Try it:
Copy out the listing that follows exactly, dropping every picture.

(Collected material)

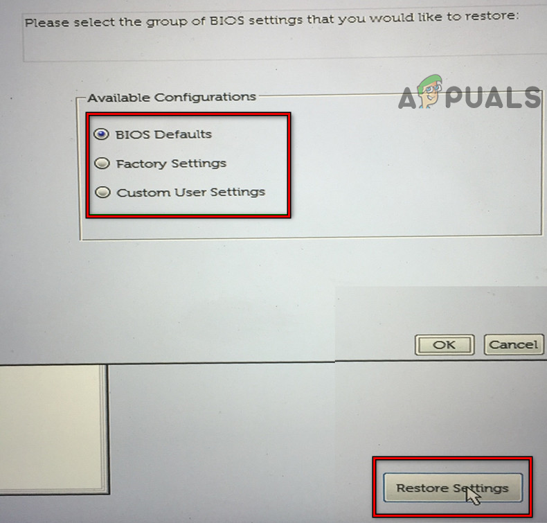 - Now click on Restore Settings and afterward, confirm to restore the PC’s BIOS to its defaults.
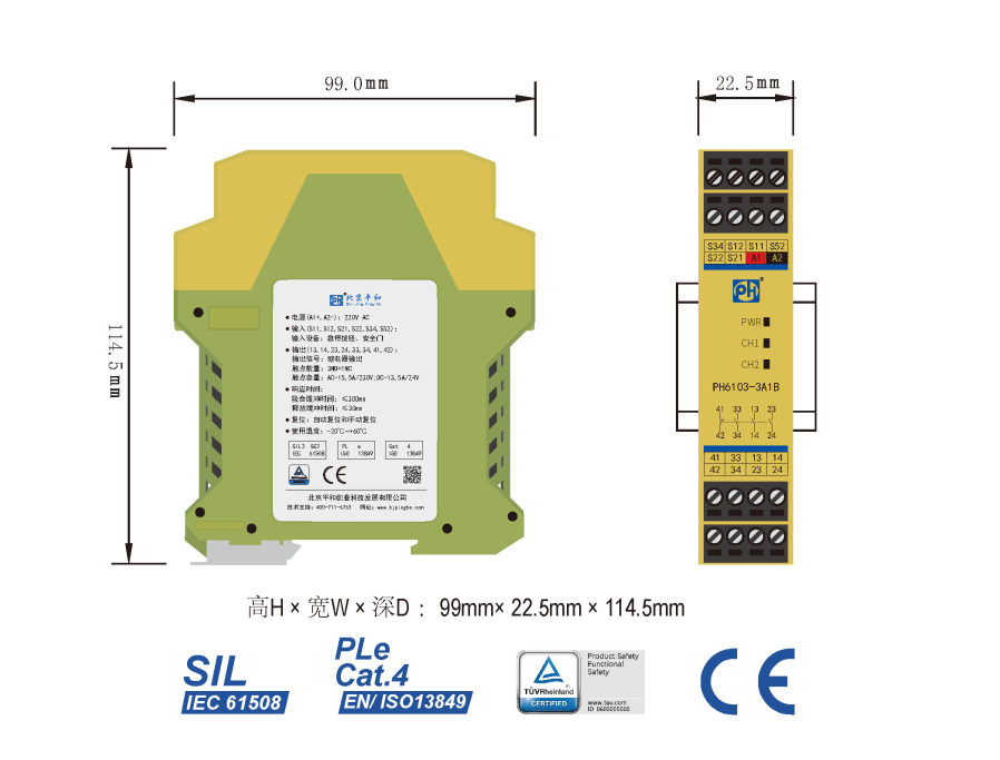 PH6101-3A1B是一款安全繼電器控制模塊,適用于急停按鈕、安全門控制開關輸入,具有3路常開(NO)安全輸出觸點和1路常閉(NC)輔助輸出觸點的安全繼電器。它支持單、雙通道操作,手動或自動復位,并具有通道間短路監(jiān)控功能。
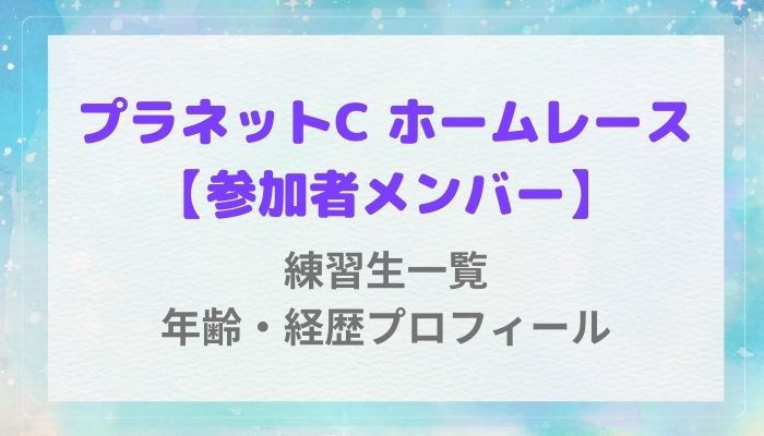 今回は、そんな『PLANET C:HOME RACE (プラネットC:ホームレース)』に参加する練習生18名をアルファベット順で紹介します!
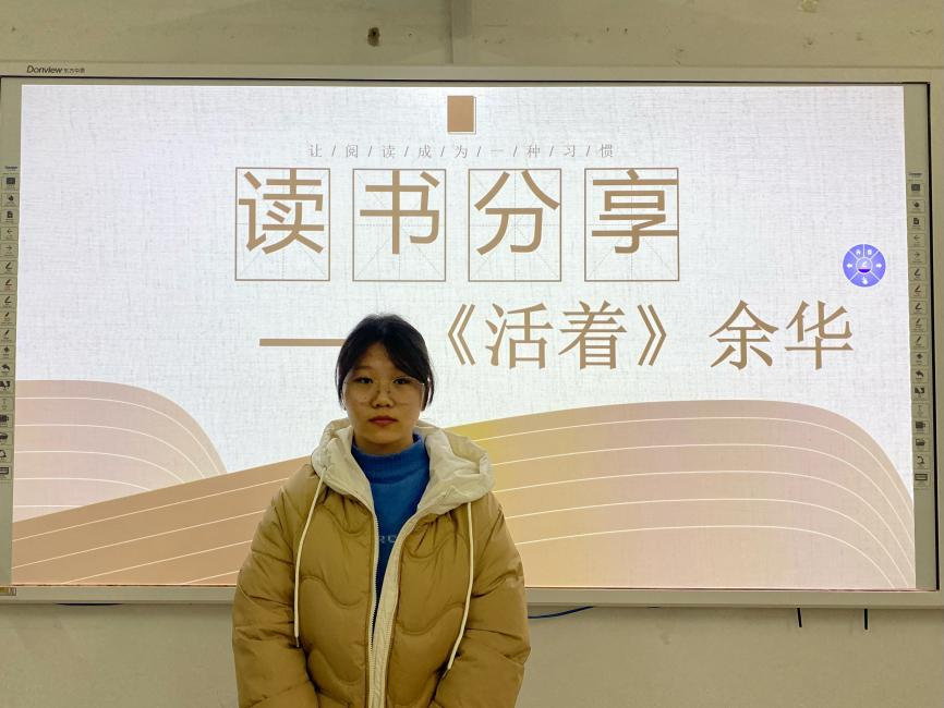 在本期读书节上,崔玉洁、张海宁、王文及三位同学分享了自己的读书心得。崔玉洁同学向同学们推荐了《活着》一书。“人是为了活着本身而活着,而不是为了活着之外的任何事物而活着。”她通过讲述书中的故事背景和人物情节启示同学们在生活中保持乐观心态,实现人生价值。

(End Collected material)

Answer to this problem:
 - Now click on Restore Settings and afterward, confirm to restore the PC’s BIOS to its defaults.
 PH6101-3A1B是一款安全繼電器控制模塊,適用于急停按鈕、安全門控制開關輸入,具有3路常開(NO)安全輸出觸點和1路常閉(NC)輔助輸出觸點的安全繼電器。它支持單、雙通道操作,手動或自動復位,并具有通道間短路監(jiān)控功能。
 今回は、そんな『PLANET C:HOME RACE (プラネットC:ホームレース)』に参加する練習生18名をアルファベット順で紹介します!
 在本期读书节上,崔玉洁、张海宁、王文及三位同学分享了自己的读书心得。崔玉洁同学向同学们推荐了《活着》一书。“人是为了活着本身而活着,而不是为了活着之外的任何事物而活着。”她通过讲述书中的故事背景和人物情节启示同学们在生活中保持乐观心态,实现人生价值。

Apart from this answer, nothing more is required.